▸ DATA:
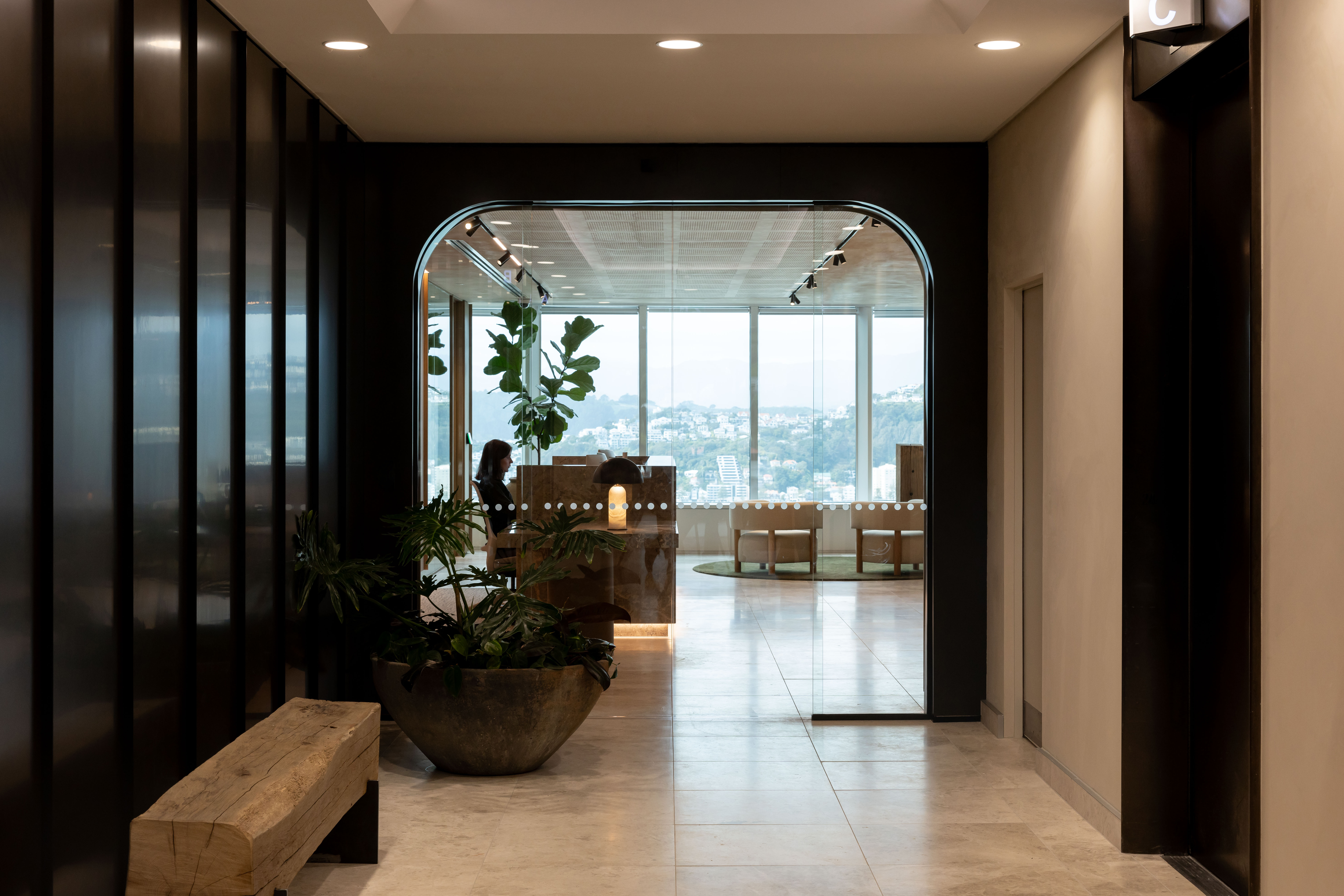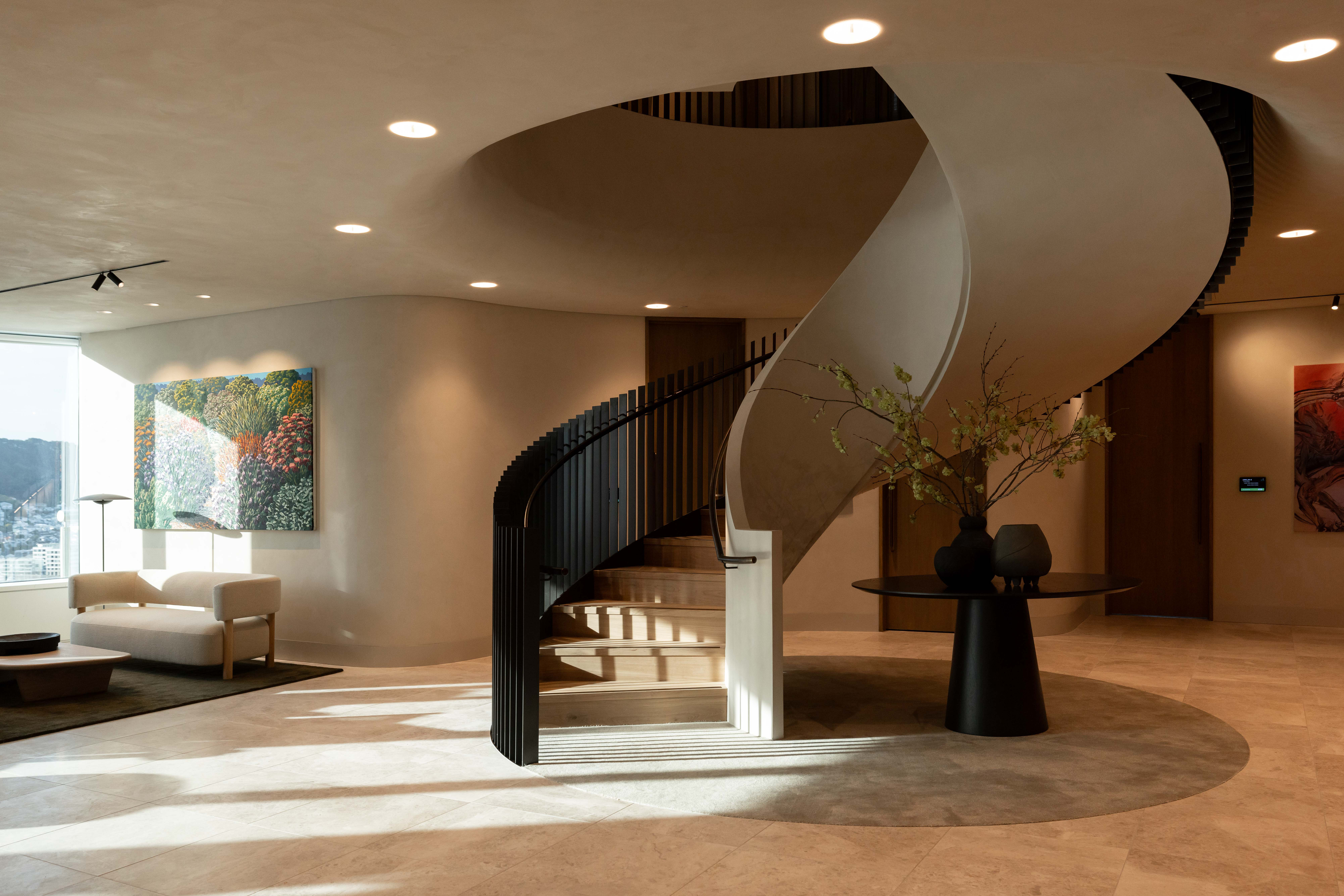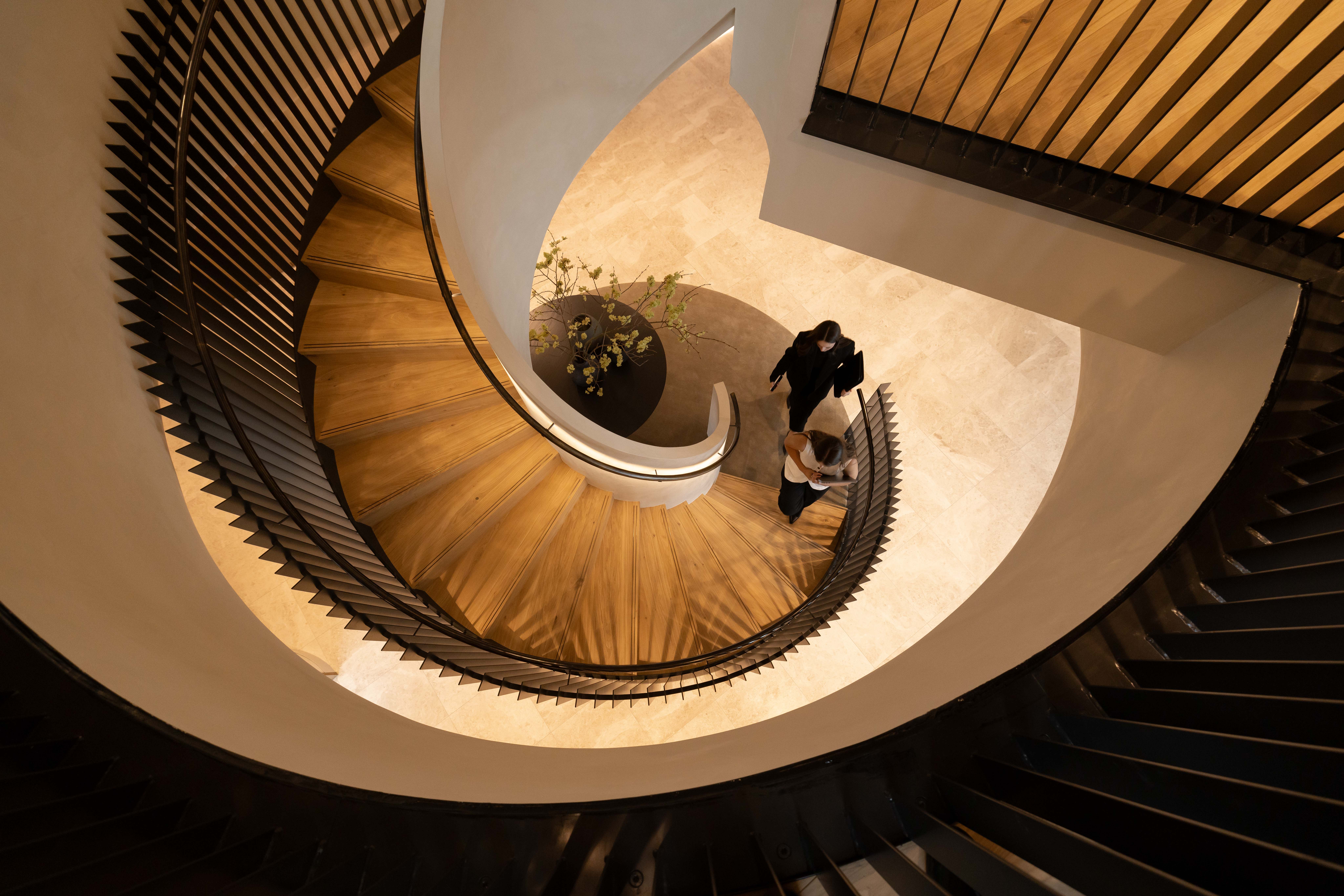 The interior design is a true showcase of quality and craftmanship. The bespoke helictical staircase, crafted from timber, polished plaster and rolled aged-brass is the central feature of the interior. It provides ease of circulation between floors, supporting the equality of access to spaces between partners, staff and clients.
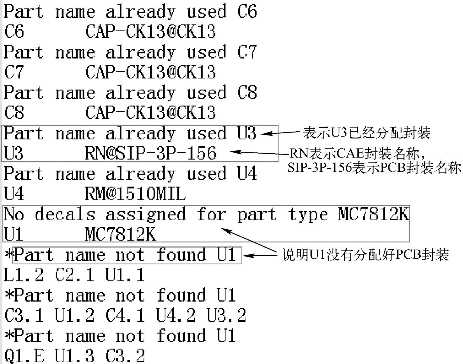 ,发送网络表此时会弹出一,个记事本文件,是否有错误在其中会有说明,如图8.9所示。
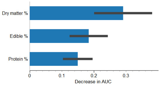 The considerable similarity was indicated in the protein content between P. epeiroticus and several fresh water fish species, notably Salvelinus fontinalis, Oreochromis niloticus, and Cyprinus carpio [54,55,56], whereas lipid content was significantly lower, indicating P. epeiroticus excellent nutritional value. Proximate composition of P. epeiroticus was used in predictive analysis aiming to identify the principal contributing proximate composition components that classify opposite sexes (Figure 3, Figure 4 and Figure 5). Predictive models are used to construct a model by using the results of the known data and predict the results of unknown data sets by using the constructed model [77].

▸ ACTIVITY: Retype the full listing exactly; pictures stay out.

▸ EXERCISE OUTPUT:
 The interior design is a true showcase of quality and craftmanship. The bespoke helictical staircase, crafted from timber, polished plaster and rolled aged-brass is the central feature of the interior. It provides ease of circulation between floors, supporting the equality of access to spaces between partners, staff and clients.
 ,发送网络表此时会弹出一,个记事本文件,是否有错误在其中会有说明,如图8.9所示。
 The considerable similarity was indicated in the protein content between P. epeiroticus and several fresh water fish species, notably Salvelinus fontinalis, Oreochromis niloticus, and Cyprinus carpio [54,55,56], whereas lipid content was significantly lower, indicating P. epeiroticus excellent nutritional value. Proximate composition of P. epeiroticus was used in predictive analysis aiming to identify the principal contributing proximate composition components that classify opposite sexes (Figure 3, Figure 4 and Figure 5). Predictive models are used to construct a model by using the results of the known data and predict the results of unknown data sets by using the constructed model [77].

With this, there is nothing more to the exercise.